Nel 1920 usciva per la prima volta, in quattro puntate sul Pictorial Review, L’età dell’innocenza, il dodicesimo libro della scrittrice americana Edith Wharton che proprio per questo scritto, riedito in volume l’anno seguente, si vide assegnare il Premio Pulitzer, diventando la prima donna a vincerne uno.
L’età dell’innocenza è un romanzo all’apparenza semplice, che segue lo sviluppo temporale della relazione che si instaura tra i protagonisti Newland Archer, giovane avvocato, ed Ellen Olenska, contessa cugina di May Walland, promessa sposa di Newland. Tutto ciò che accade nelle pagine del volume prende le mosse dalla tensione amorosa tra i due che si percepisce sin dal loro primo incontro, ma che non si concretizza mai, se non in una stretta di mano e in un bacio rubato in un viaggio in carrozza.
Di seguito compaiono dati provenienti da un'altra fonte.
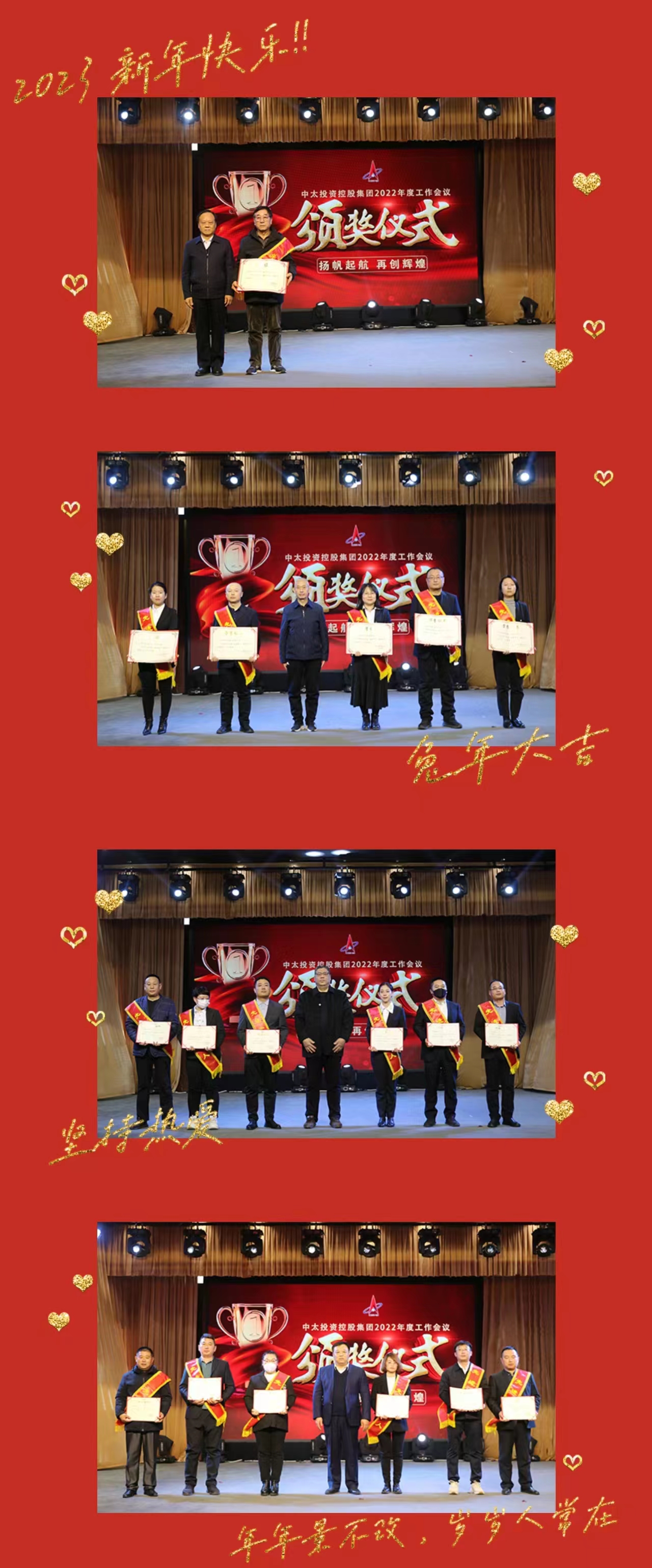 會(huì)上,中太投資控股集團(tuán)董事局主席助理郭政杰宣讀了《關(guān)于表彰2022年度先進(jìn)集體和先進(jìn)個(gè)人的決定》,并對(duì)獲獎(jiǎng)?wù)哌M(jìn)行了表彰頒獎(jiǎng)。燕振義總裁在午宴上致祝酒辭,與會(huì)代表集體合影留念并共同觀看了“迎新春文藝晚會(huì)”節(jié)目。年會(huì)在歡樂祥和的氣氛中落下帷幕。
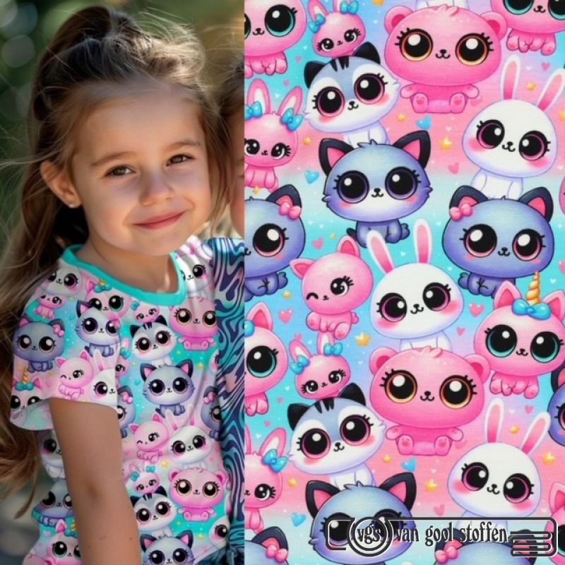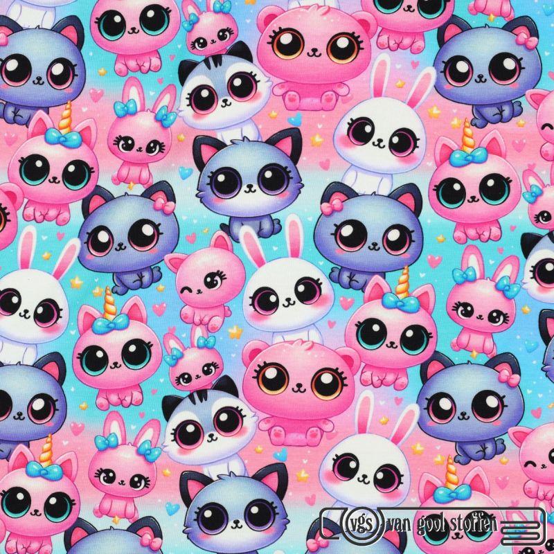 Tricot katoen digitaal cute animals
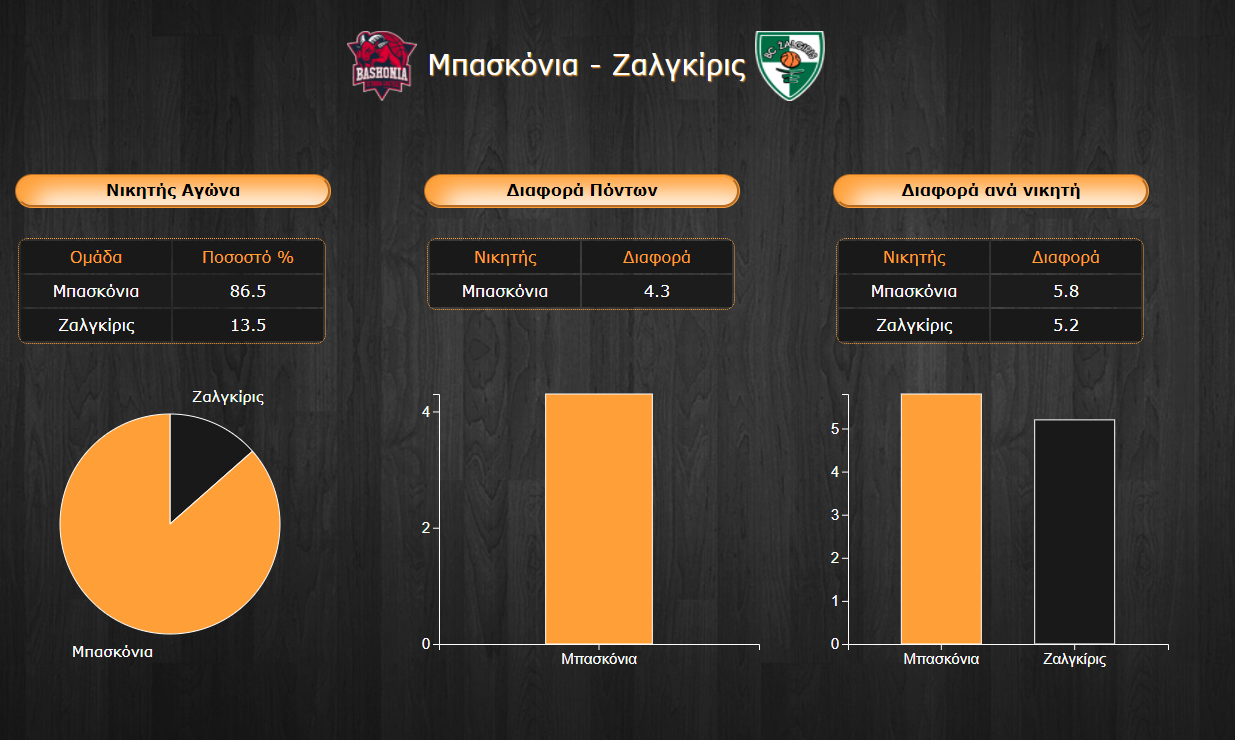 Η Ζαλγκίρις δεν τα κατάφερε κόντρα στη Φενερμπαχτσέ στο Κάουνας και πλέον είναι ισόβαθμη με τη Ρεάλ στην τέταρτη θέση έχοντας την άμεση απειλή να μείνει εκτός τετράδας. Η αποστολή στην Βιτόρια κόντρα στην Μπασκόνια είναι ένα δυνατό τεστ για την ομάδα του Sarunas Jasikevicius. Οι Βάσκοι βρίσκονται στην ένατη θέση και στο κυνήγι της όγδοης Μακάμπι με το παιχνίδι απέναντι στη λιθουανική ομάδα να είναι κομβικό για τη διατήρηση της ομάδας του Pedro Martinez σε θέση διεκδικητή για την πρόκριση στα playoffs της διοργάνωσης.
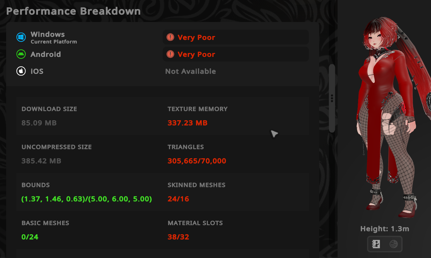 QUEST LIMITATIONS: Only the main hue shift works on quest, I had to remove the fishnets, leggings, long hair, and bodysuit, and both leg chain and bracelet. There is no toggle for the tattoos, and I took off most of the phys bones. All of the textures are still in the project tho, so editing will be required to get the skin tone you want.

Tuttavia, dietro questa fittizia linearità delle vicende, la sua scrittrice nasconde un intento più complesso: quello di svelare l’ipocrisia di cui è impregnata la società newyorkese durante quella che viene definita la Gilded Age.
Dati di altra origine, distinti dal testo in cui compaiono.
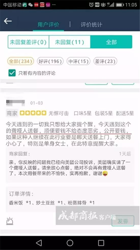 这让点餐的客户格外愤怒,在点餐平台上狠狠地给了差评,随后,商家在评论下回复称,已向公司投诉,并表示,“绝对不会再有聋哑人送餐了。”
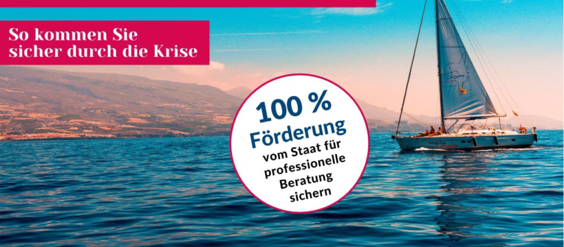 53.000 EUR staatliche Zuschüsse für Wachstum und Innovation in den ersten Wochen der Corona-Pandemie. 16-20 Tage qualifizierte Beratung für Ihr Krisenmanagement PLUS zu 100 % bzw. zu 80 % durch den Staat bezuschusst. Eine Qualifizierungsinitiative für Ihre Mitarbeiter und klug genutzte Zeit, um bereits in der Krise optimal in die digitale Zukunft durchzustarten.
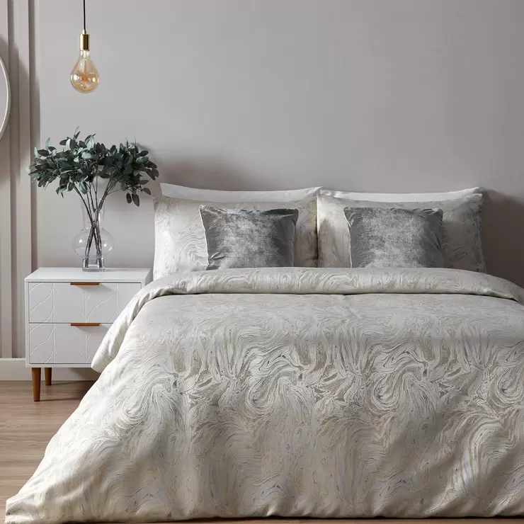 Paoletti Marble Oyster Duvet Cover Set, Super King
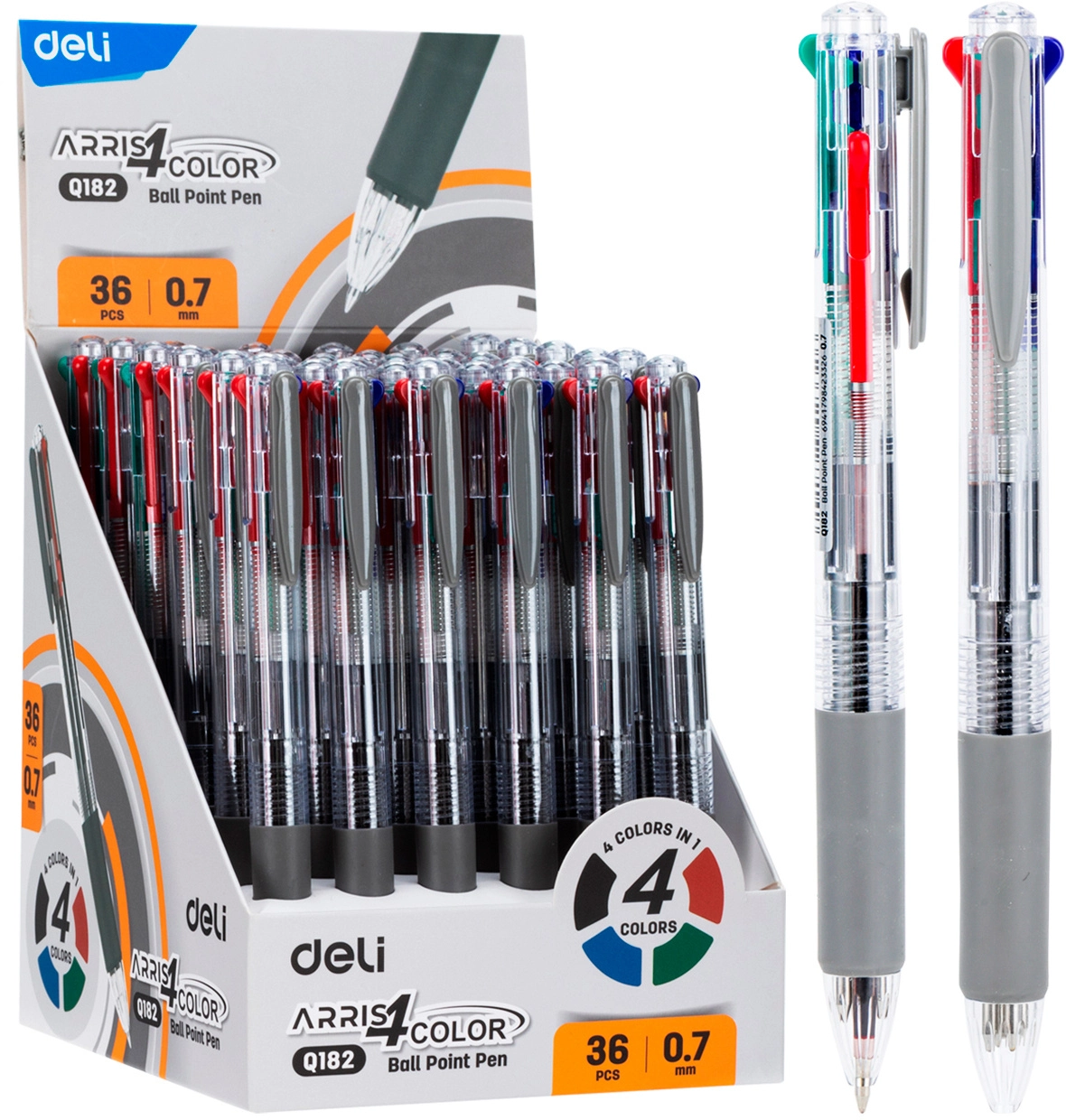 Ручка шариков. автоматическая Deli Arris EQ182 прозрачный/серый d=0.7мм ассор. черн. 4стерж. резин. манжета 4цв. (продается кратно 36 шт.)
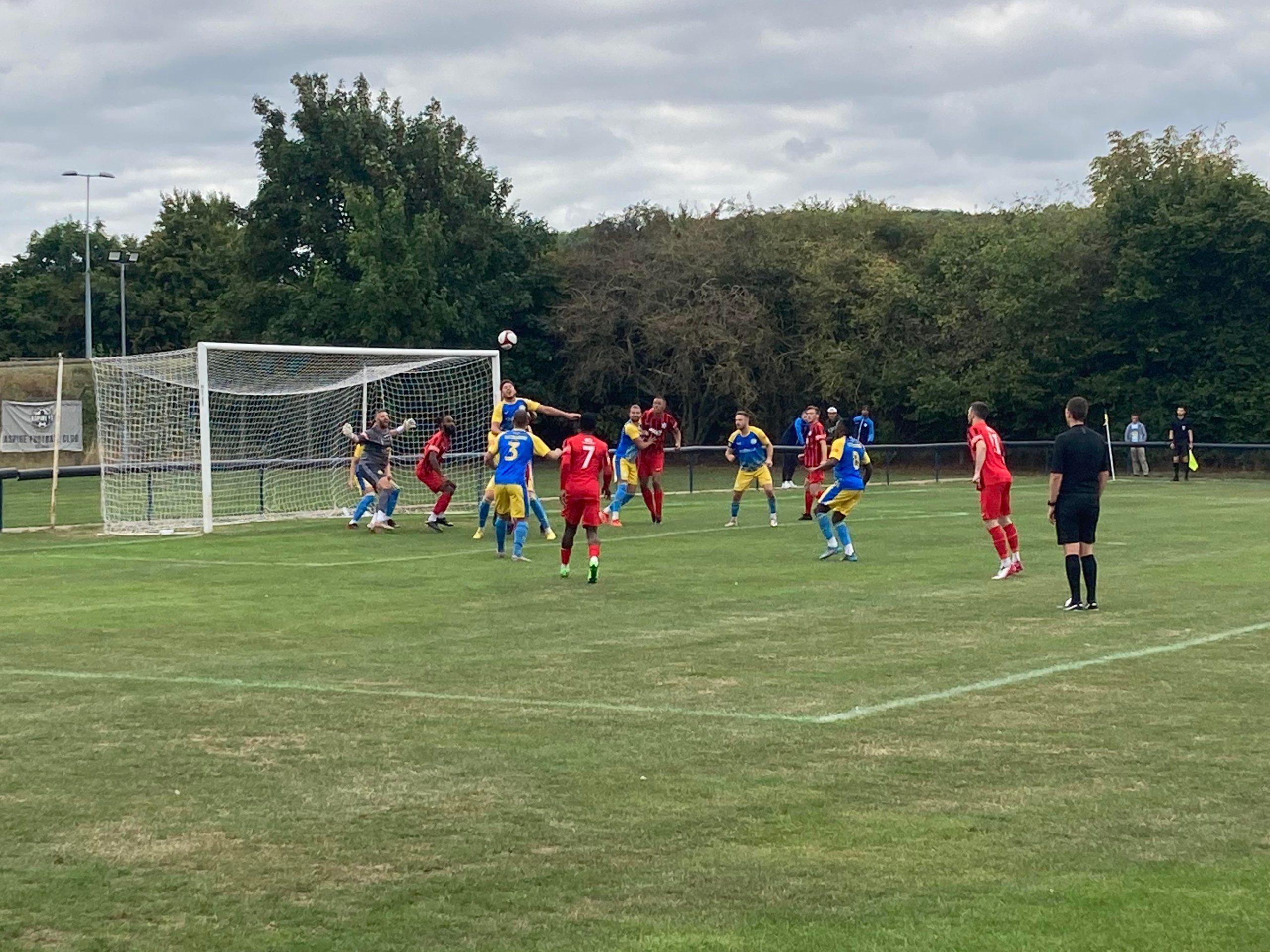 4 minutes later and Carlton play down the left flank, it’s crossed in, it’s Niall Davie with the header… Ooooooh! Just over the bar! The keeper had to stretch for that one!

Il legame amoroso tra Olenska e Archer diventa infatti un pretesto per Edith Wharton per ricostruire, nonostante i numerosi anacronismi, la Grande Mela degli anni Settanta del XIX secolo e la sua comunità, quella in cui lei stessa ha vissuto e che ha potuto osservare da bambina. Attraverso gli occhi di Newland ci viene mostrato come il Nuovo Continente nella sua rigida divisione tra le classi non sia poi così diverso da quello Vecchio. Le pagine del romanzo diventano un vero e proprio catalogo che mostra tutti gli individui che compongono la società dell’epoca: artisti squattrinati, banchieri, nobili signore, tutti vengono descritti in maniera estremamente veritiera e filtrati attraverso il punto di vista non corrotto del giovane avvocato, il quale riesce a scavare dietro l’apparente benevolenza della borghesia della metropoli, mostrando come ogni suo membro si sottometta a moralismi e falsità, a una legge fatta di costrizioni che permette la sopravvivenza del gruppo, ma impedisce la realizzazione del singolo e di chiunque cerchi di aggirarla.
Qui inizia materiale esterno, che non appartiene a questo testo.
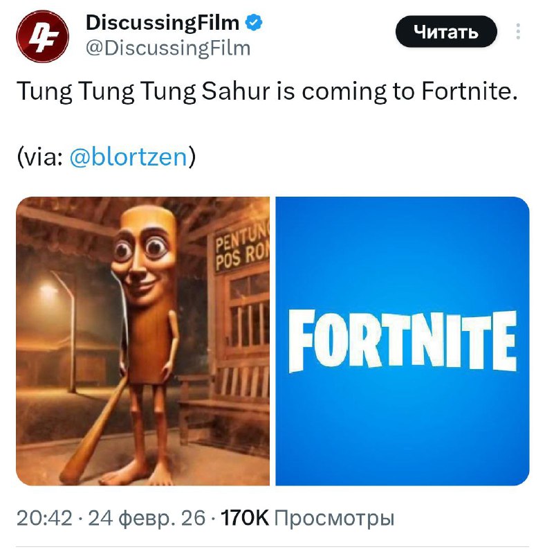 ⚡️ Тун Тун Тун Сахура добавят в FORTNITE — брейнрот героя решили оживить. Теперь геймеры будут отвешивать врагам битой по голове.
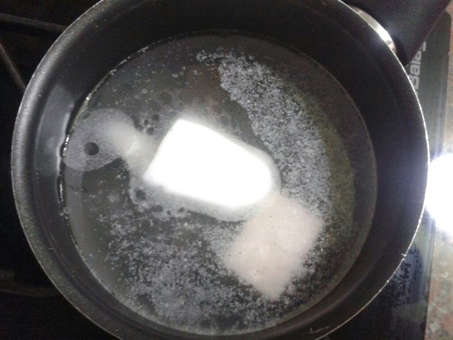 diluimos manteca y levadura en agua tibia hasta que se deshaga todo.
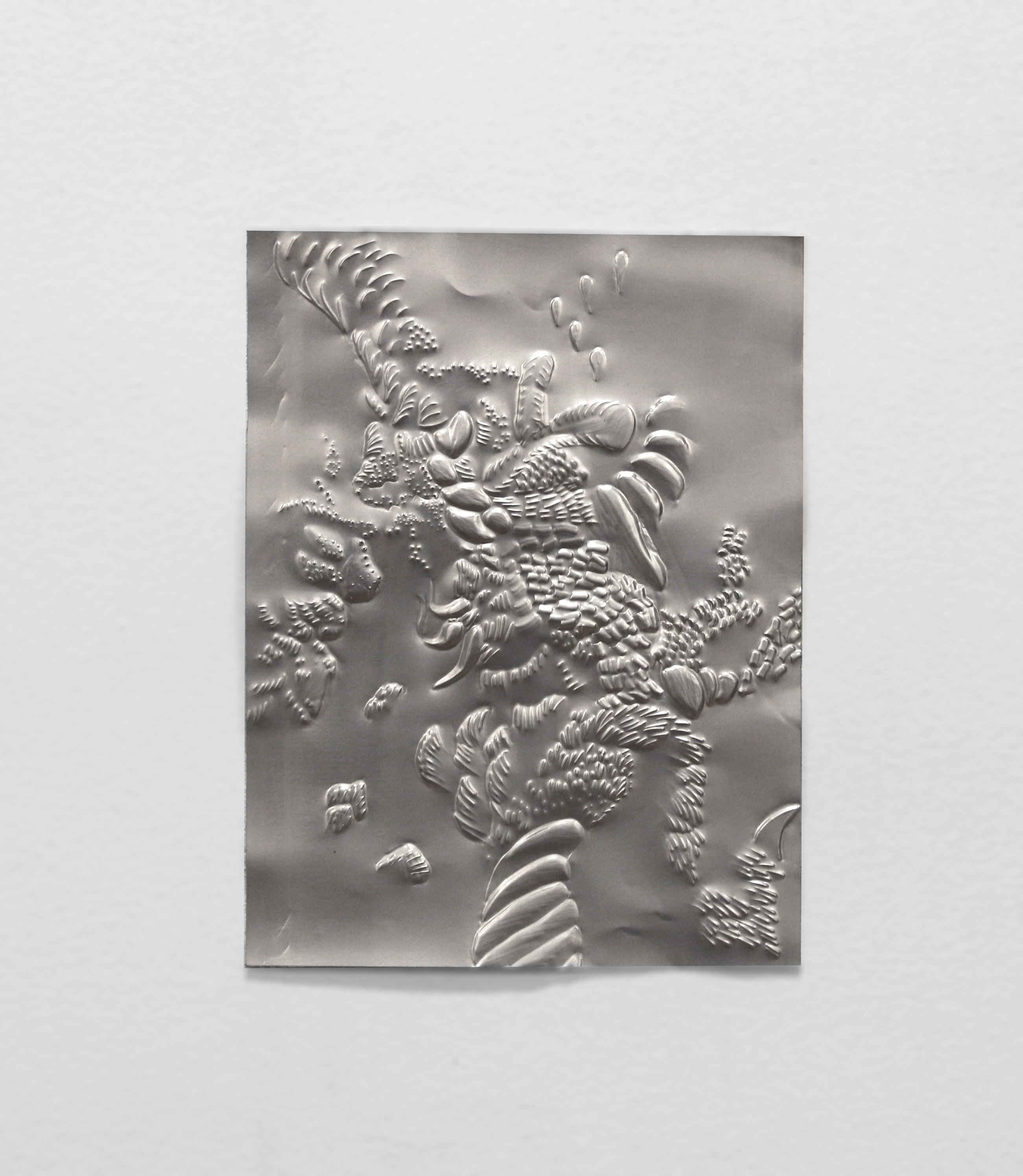 En los aluminios, las superficies brillantes del metal revelan el rastro de una naturaleza que pasó pero oculta una vibración interna, son placas que simulan una petrificación, pero al mismo tiempo están en movimiento: líneas, texturas y relieves brotan como si la materia recordara su origen orgánico. Las cerámicas continúan esta exploración de lo latente. Allí, los materiales terrosos cobran vida en formas que evocan fósiles distópicos. Son fragmentos de una naturaleza que aún no existe, o que quizás quedó suspendida en un tiempo indefinido, como evidencia de un mundo transformado por fuerzas invisibles.

Per sopravvivere a New York ci si deve omologare ai suoi costumi, sopprimere qualsiasi istinto individualista che porti a pensare differentemente dalla moltitudine e che preveda di sovvertirne le norme. L’unico personaggio che riesce a sfuggire a questa ragnatela è proprio Ellen Olenska, che stringe legami con individui poco in vista e poco apprezzati dagli altri membri del suo ceto, che sceglie di vivere lontano dai quartieri alla moda e che è disposta a restare senza nemmeno un soldo pur di non cedere alla bigotteria che la circonda. Con il suo fare onesto, che la distingue dal resto della società, la contessa affascina Newland perché diversa dagli altri e sfuggevole a quei rituali di cui si nutre la comunità newyorkese in decadenza: è lei il metro dell’onestà da confrontare all’improbità di tutti gli altri. Attraverso il suo amore per la giovane europea, l’innocente avvocato cerca di ritrarsi anche lui dal gioco di quella cerchia, eppure, l’esserci nato lo condanna a restarvici, privandolo di ogni possibilità di riscatto, rimanendo incastrato in un matrimonio privo di sentimento. Quello puro e intellettuale che nasce tra Newland ed Ellen non ha possibilità di vita in quel terreno arido. Così, nel romanzo, come si comprende soprattutto grazie alla scena che chiude la storia, l’amore romantico resta nient’altro che qualcosa di nostalgico, un rimpianto, qualcosa da preservare così com’è: idealizzato e privo di realizzazione.
Attraverso le frasi subordinate tipiche del suo stile e rifacendosi ai suoi ricordi d’infanzia, Edith Wharton riesce a ricreare l’atmosfera e i personaggi di un mondo ormai andato, che rivive in maniera estremamente realistica nella complessa semplicità de L’età dell’innocenza.